# Help with 90ft Turntable 933-3171



## Rogue (Apr 7, 2020)

Hey, new to the forum, desperately need help. I’m trying to instal the 90ft Turntable and the instructions are... less than desired (as usual!) and I am lost and frustrated. Working with DCC. According to the directions:

A) The track power: Solder wires to the rail (only using the metal railings), then glue the rail to the deck. Where do these wire go/connect to?
B) #35 is 2 brass rings, says to solder a wire to each and run it up through the hole so it comes up the turntable. Does this connect to the track feeders?
C) Then there are the brass strips which get wires at the base where it screws in. And must touch the brass rings (above). The wires go to?
D) Then there is the motor and power supply. 

WHAT connects WHERE?? I can’t find any videos showing the actual wiring and I would need very detailed instructions if someone has the time and patience, that would be so amazing! Thanks!
- R


----------



## gregc (Apr 25, 2015)

the wires soldered to the track are threaded down thru the shaft and soldered to the either the inside or the top edge of the brass rings riding on the shaft.

the wires to the brass strips are connected to the track either thru a reversing switch or auto-reverser if DCC

the motor needs to run both clockwise and counter-clockwise and therefore needs a convenient way to reverse polarity. a DPDT center-off toggle can be used. a momentary DPDT center-off toggle can be used. Two momentary DPST switches can be used, one wired opposite polarity of the other (possibly one a momentary DPDT with the normally closed contacts providing power to the other to prevent a short if both were pressed at the same time)


----------



## Dennis461 (Jan 5, 2018)

See my post here...








Walthers 90' turntable kit


DO NOT BUY THIS TURNTABLE UNLESS you like scratchbuilding, kitbashing, repairing . There have been numerous posts over the years regarding the less than adequate performance of this 90’ Walthers turntable kit. (links at end of post).
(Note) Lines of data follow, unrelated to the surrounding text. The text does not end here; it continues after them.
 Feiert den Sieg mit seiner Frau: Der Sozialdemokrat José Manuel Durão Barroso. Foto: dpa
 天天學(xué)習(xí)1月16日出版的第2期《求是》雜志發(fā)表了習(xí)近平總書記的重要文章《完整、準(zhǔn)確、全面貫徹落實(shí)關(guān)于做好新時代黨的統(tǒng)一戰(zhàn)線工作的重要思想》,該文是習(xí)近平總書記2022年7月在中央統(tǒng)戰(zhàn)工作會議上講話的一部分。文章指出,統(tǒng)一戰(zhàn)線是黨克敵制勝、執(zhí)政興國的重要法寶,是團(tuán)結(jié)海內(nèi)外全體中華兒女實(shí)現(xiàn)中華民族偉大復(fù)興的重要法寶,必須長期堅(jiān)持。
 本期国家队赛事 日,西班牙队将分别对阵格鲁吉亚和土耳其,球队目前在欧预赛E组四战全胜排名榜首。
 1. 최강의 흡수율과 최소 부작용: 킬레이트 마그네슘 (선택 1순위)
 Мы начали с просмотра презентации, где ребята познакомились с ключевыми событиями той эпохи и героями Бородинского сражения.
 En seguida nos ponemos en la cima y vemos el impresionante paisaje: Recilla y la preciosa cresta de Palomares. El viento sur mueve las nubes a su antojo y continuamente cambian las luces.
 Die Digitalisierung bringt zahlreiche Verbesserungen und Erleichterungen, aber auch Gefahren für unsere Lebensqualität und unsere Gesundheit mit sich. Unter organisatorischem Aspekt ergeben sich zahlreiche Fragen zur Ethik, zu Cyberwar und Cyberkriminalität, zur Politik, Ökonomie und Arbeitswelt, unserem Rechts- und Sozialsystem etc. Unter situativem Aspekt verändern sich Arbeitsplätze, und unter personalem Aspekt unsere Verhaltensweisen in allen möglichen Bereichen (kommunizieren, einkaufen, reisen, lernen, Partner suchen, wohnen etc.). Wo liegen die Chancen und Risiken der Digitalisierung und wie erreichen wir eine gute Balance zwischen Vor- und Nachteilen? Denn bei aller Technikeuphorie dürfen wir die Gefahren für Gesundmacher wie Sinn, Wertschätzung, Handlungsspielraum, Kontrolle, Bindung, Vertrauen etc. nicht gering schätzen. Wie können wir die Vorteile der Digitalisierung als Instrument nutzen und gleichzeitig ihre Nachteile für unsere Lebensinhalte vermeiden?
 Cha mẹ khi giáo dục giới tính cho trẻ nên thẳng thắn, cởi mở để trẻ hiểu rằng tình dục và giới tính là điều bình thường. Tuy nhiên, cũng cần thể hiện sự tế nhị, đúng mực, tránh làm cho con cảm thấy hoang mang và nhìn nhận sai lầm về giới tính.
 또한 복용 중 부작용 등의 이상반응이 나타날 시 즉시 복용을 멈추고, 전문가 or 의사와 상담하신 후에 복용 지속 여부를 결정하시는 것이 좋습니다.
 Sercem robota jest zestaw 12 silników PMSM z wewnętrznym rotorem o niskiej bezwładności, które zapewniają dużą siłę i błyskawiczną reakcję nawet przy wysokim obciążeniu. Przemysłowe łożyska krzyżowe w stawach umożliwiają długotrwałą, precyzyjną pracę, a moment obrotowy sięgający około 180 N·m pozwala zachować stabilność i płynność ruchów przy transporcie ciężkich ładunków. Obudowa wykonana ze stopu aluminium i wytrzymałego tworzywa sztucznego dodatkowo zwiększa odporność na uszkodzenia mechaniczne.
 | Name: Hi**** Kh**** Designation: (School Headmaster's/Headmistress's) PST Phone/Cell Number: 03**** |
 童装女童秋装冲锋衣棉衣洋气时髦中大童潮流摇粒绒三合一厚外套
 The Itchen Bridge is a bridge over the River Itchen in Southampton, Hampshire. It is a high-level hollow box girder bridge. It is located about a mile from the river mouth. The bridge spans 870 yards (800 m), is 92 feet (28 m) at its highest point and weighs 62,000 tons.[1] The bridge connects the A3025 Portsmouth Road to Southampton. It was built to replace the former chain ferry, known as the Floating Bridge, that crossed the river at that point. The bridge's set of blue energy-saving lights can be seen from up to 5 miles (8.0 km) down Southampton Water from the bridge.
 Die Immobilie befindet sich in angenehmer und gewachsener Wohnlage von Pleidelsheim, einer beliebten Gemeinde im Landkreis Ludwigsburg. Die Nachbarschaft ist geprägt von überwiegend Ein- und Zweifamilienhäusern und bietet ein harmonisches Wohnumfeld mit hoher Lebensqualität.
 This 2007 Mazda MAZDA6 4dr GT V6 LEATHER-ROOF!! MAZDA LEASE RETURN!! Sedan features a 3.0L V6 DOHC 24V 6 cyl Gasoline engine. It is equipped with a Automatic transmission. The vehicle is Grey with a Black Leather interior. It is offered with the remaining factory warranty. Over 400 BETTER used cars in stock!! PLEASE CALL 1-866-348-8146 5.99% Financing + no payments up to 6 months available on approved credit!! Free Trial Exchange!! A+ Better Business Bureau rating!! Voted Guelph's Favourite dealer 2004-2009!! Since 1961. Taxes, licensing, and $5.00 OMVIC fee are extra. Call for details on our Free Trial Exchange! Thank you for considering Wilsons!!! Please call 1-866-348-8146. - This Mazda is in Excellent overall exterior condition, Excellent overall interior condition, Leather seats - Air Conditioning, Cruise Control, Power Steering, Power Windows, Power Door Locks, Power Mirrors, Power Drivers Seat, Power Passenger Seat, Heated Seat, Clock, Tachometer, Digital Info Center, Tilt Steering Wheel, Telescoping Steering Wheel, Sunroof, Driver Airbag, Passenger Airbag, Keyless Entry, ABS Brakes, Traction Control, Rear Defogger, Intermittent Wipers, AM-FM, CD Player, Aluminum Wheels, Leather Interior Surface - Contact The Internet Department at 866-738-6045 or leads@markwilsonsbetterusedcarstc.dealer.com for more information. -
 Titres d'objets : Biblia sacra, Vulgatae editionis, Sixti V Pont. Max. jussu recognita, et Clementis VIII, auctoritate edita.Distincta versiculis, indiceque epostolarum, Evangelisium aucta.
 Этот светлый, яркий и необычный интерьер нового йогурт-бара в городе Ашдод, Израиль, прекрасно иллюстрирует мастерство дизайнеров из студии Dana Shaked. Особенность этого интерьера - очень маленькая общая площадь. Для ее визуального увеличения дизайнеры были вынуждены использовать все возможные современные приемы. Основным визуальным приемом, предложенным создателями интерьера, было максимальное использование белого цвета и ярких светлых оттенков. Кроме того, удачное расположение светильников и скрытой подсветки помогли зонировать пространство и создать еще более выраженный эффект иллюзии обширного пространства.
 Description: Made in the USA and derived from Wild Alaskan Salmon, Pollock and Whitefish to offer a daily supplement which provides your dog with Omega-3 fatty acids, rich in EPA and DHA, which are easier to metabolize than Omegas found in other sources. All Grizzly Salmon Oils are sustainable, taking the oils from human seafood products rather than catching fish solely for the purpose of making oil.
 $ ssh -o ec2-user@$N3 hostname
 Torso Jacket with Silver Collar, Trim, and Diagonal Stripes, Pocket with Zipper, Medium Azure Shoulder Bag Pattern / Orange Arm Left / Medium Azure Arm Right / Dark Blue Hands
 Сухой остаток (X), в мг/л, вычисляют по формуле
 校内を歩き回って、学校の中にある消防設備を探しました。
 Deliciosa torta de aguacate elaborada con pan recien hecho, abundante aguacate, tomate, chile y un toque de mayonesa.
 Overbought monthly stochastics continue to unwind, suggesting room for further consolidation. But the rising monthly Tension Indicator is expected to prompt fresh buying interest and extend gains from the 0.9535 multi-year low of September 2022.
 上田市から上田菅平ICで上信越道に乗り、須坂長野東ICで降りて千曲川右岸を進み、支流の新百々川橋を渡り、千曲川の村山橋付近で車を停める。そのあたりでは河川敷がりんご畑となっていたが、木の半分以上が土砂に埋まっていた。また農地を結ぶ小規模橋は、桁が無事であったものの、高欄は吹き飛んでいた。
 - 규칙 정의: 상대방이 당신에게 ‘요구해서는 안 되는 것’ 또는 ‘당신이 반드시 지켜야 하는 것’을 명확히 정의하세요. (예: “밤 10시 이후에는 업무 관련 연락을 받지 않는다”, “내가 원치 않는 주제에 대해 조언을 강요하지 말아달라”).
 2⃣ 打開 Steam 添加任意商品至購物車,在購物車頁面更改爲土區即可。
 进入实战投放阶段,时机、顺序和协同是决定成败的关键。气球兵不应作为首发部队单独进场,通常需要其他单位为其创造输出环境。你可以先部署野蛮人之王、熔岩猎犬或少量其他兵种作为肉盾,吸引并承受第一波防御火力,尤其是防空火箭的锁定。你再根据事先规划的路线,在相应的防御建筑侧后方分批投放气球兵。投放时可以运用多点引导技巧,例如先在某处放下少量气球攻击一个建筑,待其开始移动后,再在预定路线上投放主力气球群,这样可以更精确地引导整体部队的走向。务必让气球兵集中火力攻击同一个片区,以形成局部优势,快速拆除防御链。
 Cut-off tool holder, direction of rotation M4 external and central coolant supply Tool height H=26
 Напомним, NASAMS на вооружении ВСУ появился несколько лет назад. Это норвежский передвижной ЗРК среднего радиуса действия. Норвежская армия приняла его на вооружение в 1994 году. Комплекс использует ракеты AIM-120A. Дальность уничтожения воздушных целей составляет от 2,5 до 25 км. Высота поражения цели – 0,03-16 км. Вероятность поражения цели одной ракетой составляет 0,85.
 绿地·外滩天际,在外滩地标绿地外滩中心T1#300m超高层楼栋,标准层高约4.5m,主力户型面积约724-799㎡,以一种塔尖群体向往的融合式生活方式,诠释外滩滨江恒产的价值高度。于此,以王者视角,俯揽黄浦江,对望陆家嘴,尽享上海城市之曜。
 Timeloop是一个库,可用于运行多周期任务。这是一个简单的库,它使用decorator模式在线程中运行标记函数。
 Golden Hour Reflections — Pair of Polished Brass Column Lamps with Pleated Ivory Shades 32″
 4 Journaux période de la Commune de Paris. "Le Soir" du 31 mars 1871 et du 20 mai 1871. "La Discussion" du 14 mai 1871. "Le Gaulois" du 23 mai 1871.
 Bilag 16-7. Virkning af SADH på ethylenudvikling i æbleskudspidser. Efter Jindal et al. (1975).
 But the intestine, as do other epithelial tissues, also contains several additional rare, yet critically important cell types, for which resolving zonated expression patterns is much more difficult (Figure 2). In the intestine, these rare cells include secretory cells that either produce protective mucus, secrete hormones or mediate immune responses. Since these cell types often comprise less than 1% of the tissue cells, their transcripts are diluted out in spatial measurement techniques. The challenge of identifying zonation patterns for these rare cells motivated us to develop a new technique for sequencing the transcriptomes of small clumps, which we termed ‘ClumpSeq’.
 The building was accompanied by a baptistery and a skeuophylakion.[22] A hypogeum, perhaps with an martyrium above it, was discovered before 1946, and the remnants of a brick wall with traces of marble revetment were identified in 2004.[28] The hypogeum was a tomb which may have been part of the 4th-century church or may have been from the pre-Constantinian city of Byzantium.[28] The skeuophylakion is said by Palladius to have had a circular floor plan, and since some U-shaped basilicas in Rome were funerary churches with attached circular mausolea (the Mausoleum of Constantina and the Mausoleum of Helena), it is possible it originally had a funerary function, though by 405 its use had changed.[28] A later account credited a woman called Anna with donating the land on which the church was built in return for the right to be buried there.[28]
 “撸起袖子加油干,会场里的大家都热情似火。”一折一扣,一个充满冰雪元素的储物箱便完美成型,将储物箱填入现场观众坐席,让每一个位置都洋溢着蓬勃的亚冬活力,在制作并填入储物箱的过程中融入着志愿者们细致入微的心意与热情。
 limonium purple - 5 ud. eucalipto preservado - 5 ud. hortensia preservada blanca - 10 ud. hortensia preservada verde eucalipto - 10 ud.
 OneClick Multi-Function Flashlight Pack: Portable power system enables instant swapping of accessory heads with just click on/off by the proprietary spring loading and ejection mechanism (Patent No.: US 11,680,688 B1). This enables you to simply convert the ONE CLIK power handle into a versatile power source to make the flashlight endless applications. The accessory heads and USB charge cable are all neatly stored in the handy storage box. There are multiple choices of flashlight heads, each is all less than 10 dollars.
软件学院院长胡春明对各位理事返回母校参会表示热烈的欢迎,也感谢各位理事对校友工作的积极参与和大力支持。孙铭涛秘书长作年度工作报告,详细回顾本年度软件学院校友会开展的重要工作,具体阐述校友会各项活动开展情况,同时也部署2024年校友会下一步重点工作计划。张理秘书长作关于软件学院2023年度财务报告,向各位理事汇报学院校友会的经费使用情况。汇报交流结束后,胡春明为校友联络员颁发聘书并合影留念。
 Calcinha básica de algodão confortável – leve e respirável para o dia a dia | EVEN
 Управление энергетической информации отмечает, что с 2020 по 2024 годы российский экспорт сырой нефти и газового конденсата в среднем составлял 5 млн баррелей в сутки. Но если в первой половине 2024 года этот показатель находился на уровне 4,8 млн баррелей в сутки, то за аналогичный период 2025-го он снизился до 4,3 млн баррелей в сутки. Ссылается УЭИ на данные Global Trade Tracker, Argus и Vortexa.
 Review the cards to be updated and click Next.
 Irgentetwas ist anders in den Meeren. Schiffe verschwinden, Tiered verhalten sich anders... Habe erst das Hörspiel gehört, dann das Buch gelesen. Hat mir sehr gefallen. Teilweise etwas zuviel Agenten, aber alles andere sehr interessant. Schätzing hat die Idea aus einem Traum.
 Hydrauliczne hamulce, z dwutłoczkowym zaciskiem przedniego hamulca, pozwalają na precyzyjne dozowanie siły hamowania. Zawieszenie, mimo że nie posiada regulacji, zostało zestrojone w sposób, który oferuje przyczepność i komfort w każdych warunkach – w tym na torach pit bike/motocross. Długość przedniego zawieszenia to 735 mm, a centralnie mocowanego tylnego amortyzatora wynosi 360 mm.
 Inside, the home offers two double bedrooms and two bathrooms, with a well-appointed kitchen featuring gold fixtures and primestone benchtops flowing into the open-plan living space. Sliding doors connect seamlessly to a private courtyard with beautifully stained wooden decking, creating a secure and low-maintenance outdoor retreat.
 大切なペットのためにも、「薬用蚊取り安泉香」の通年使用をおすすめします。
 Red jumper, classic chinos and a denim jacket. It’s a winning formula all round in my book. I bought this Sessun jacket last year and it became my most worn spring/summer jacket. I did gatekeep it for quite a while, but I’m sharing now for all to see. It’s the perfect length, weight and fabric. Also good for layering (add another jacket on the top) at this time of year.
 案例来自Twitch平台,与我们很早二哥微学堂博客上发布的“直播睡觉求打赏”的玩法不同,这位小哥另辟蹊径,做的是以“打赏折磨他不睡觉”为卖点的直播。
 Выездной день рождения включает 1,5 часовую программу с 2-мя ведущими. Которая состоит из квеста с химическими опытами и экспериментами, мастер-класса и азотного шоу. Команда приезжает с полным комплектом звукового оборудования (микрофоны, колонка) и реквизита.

I received this as a gift and feel compelled to assemble it...




www.modeltrainforum.com





One other hint, when test assembling the kit, do not tighten the small screws that go into plastic. You will find you may need to disassemble and re-assemble several times. The screw holes will break or wear out.


----------



## Rogue (Apr 7, 2020)

Thank you so much for replying! So the track gets wired twice then? At the center point which then connects to the brass wires and then where for the brass strips and where do the wires get hidden? We don’t plan on using a reversing switch, it won’t be turned enough to worry about polarity so now what?

I have the kit motor for it but I have a separate power supply with reverse switching, where do they connect to?


----------



## Rogue (Apr 7, 2020)

Here is what I’m understanding: The track is to be wired once through/at center, from the track down into the brass rings. Then (since I’m not using a reverser) the brass strips go to my track which instead is a separate multi-directional power supply. I’m thinking that the Turntable motor also connects to my power supply, so power supply will have 4 wires in total. Does that sound appropriate?


----------



## mesenteria (Oct 29, 2015)

Does the kit not come with two brass/copper blades, or wipers? Those are supposed to ride on the outer surface of the two rings. They will tend to ride down over time, perhaps right off the rings. I fashioned a couple of plastic washers to separate the rings from each other and so that they would act as a retaining flange of sorts on which the sagging wipers would eventually find purchase.
The tracks get two wires which I seem to recall I had to solder onto the insides of the rings...maybe it was the outside, I forget...it was 15 years ago. The two wipers each get one end of another pair of wires that will go to the power supply for the rails. If you are going DCC, then their other ends would be spliced into the main DCC bus or onto the output terminals of the DCC system. 

You'll need a reverser, and that can be a DPDT or a PSX or AR, your choice. Their a bit spendy, but the PSX series are amazing and they are fire-and-forget. The reverser would be in series between the two wipers and your main power outputs or source.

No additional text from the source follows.